Failure to Develop and Implement Comprehensive, Individualized Care Plans
Penalty
Summary
The deficiency involves the facility’s failure to develop and implement comprehensive, individualized care plans with measurable objectives and timetables for multiple residents, as required by its own care planning policy and professional standards. For one resident with dementia, Parkinsonism, and age-related debility, the record showed that after the resident was identified as the aggressor in a resident-to-resident altercation, there was no documented care plan addressing abuse or risk for abuse, despite an order for CNAs to complete safety checks every two hours.

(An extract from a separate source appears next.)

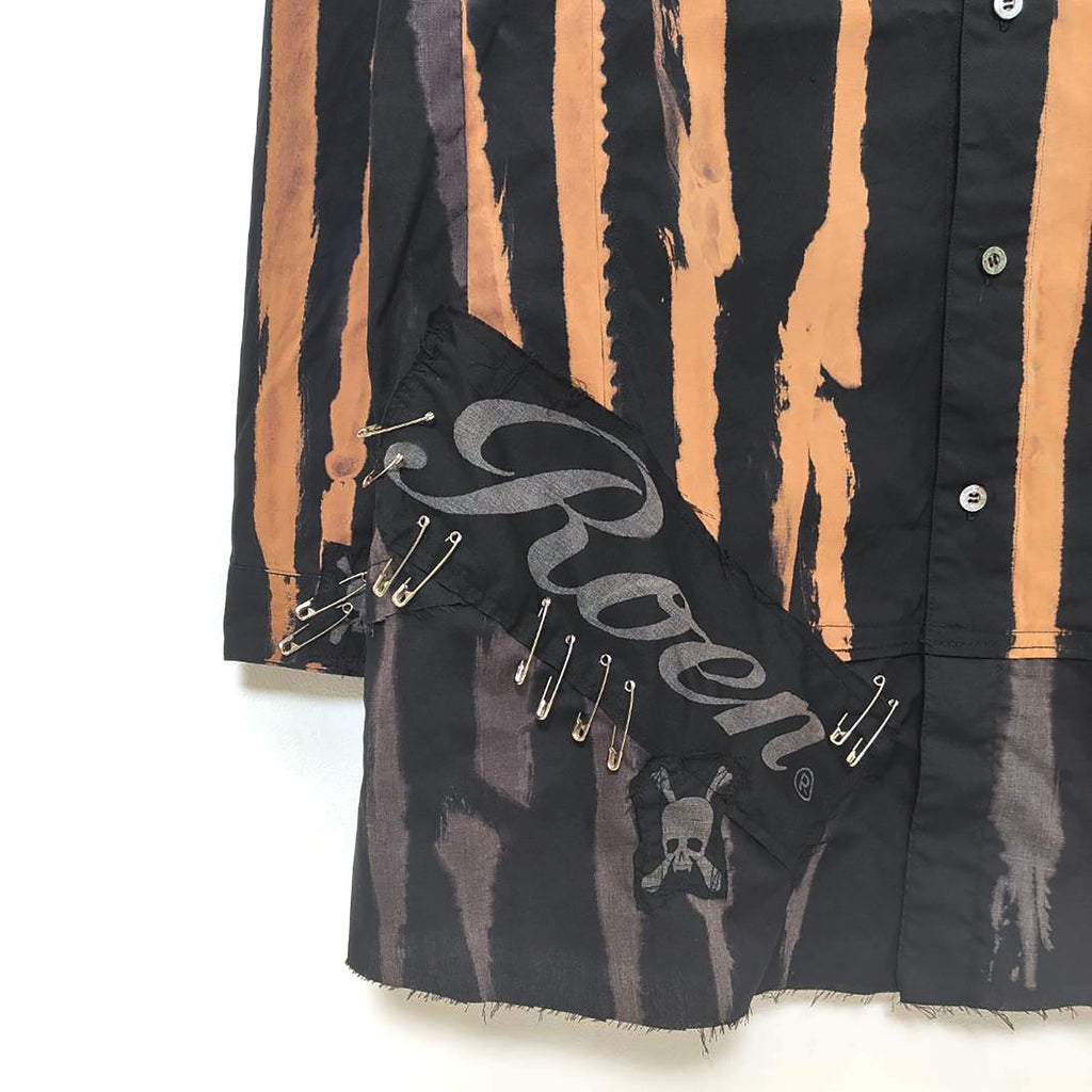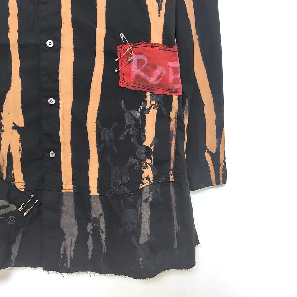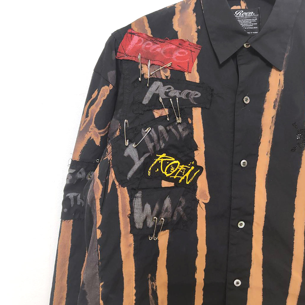 シンプルなカッターシャツを大胆にロンドンパンク風のシャツへリメイク。

Another resident with obstructive sleep apnea, diabetes mellitus type 2 with hyperglycemia, and hemiplegia/hemiparesis following cerebral infarction had a documented diagnosis of obstructive sleep apnea, a consultation recommending an auto-CPAP, and a physician order for CPAP use at bedtime, but there was no documented respiratory care plan addressing this condition and its management. A further resident with noninfective gastroenteritis and colitis, chronic idiopathic and slow transit constipation, and type 2 diabetes had a grievance filed on their behalf stating that another resident entered their room at night and harassed and assaulted them with a water bottle, and that they no longer felt safe with the aggressor on the same floor. Although staff reported placing a stop sign across this resident’s door after learning of the grievance, there was no documented evidence that a care plan for abuse or risk for abuse was developed and implemented with specific interventions after the resident was identified as the victim of a resident-to-resident altercation. Interviews with staff further described systemic issues with care planning. One LPN stated that if they noticed something that needed to be added to a resident’s care plan, such as fall risk, they would notify the unit manager, indicating reliance on informal communication rather than a documented, comprehensive process. The DON stated that care planning was a significant issue at the facility and cited a lack of RNs to assist with care planning. The Administrator stated that care plans should be individualized and that care plans assure residents are safe and cared for accordingly, underscoring that the identified omissions in abuse, respiratory, and other condition-specific care plans were inconsistent with the facility’s stated expectations and written care planning policy.